If a radioactive substance is placed in the dark in the vicinity of the closed eye or of the temple, a sensation of light fills the eye. —Marie Curie, doctoral dissertation, 1903

The sensation of light

is light. There is no way for her to know it.

She is so young and so in love, marrying

an equal, choosing for her gown a navy dress

suitable for use in laboratories. Hand in hand

they slip through the university courtyard—

Pierre and Marie Curie, in the world before the war.

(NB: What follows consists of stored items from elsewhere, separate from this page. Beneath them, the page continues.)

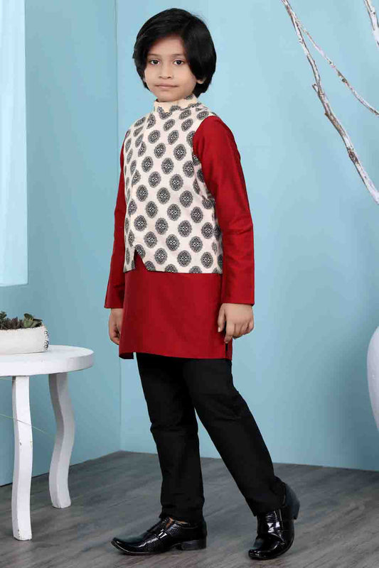 Red and Beige Colour Cotton Silk Kurta Pajama With Jacket VSBW1070103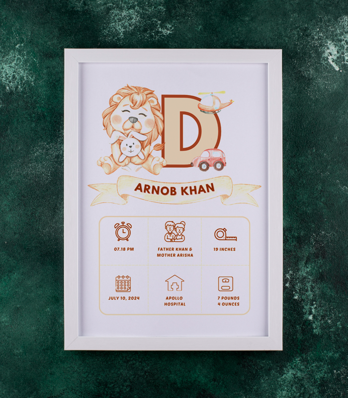 # Premium Baby Birth Stat Frame Celebrate your newborn's arrival with this elegant birth statistics frame. Designed to showcase your baby's vital details—name, date, time, weight, and length—in a sophisticated display piece that becomes a cherished keepsake. The premium construction ensures durability and timeless appeal, making it an ideal gift for new parents or a meaningful addition to a nursery. Personalize every element to match your home décor and preserve those precious first moments in style.
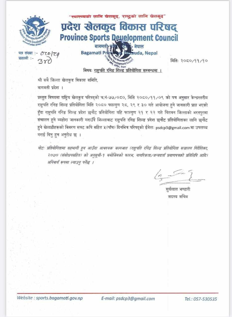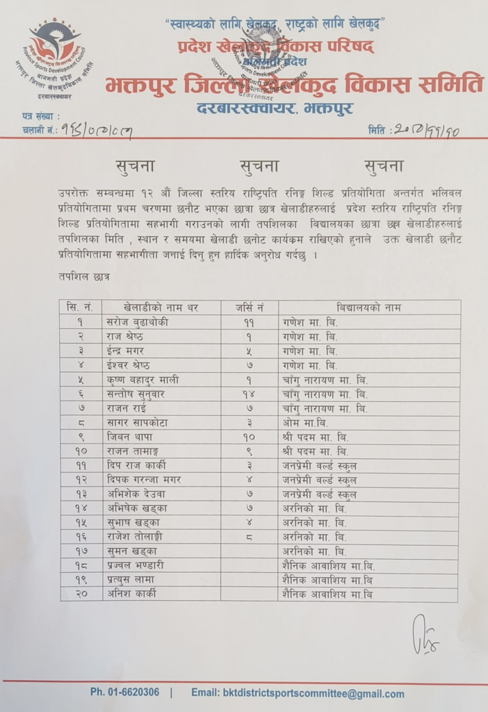 फागुण ११, भक्तपुर । जिल्ला खेलकुद बिकास समिति भक्तपुरले वागमति प्रदेश स्तरीय राष्ट्रपति रनिङ्ग शिल्ड प्रतियोगिताका लागि खेलाडी छनौटको प्रक्रिया सुरु गरेको छ । समितिले एक सूचना जारी गर्दै १२ औं जिल्ला स्तरीय राष्ट्रपति रनिङ्ग शिल्ड प्रतियोगिता अन्तर्गत भलिबल प्रतियोगितामा प्रथम चरणमा छनौट भएका छात्र छात्रा खेलाडीलाई सहभागिताका लागि आहवान गरेको छ ।

One of our joys was to go into our workroom at night,

she wrote. To perceive on all sides

the feebly luminous silhouettes of the bottles

and capsules of our work. That light

marbles and embarnacles them both,

turns their fingers strange and fibrous.

Soon enough he cannot rise from bed.

It was really a lovely sight and always new to us.

She loses twenty pounds. Two pregnancies.

There is no way for her to know that her light

will soon paint gunsights and the dials of watches.

That it is ticking through her body, his body,

faster than time. What she has understood

is astonishing enough: the atom, active.

It is as if marbles were found to be breathing out.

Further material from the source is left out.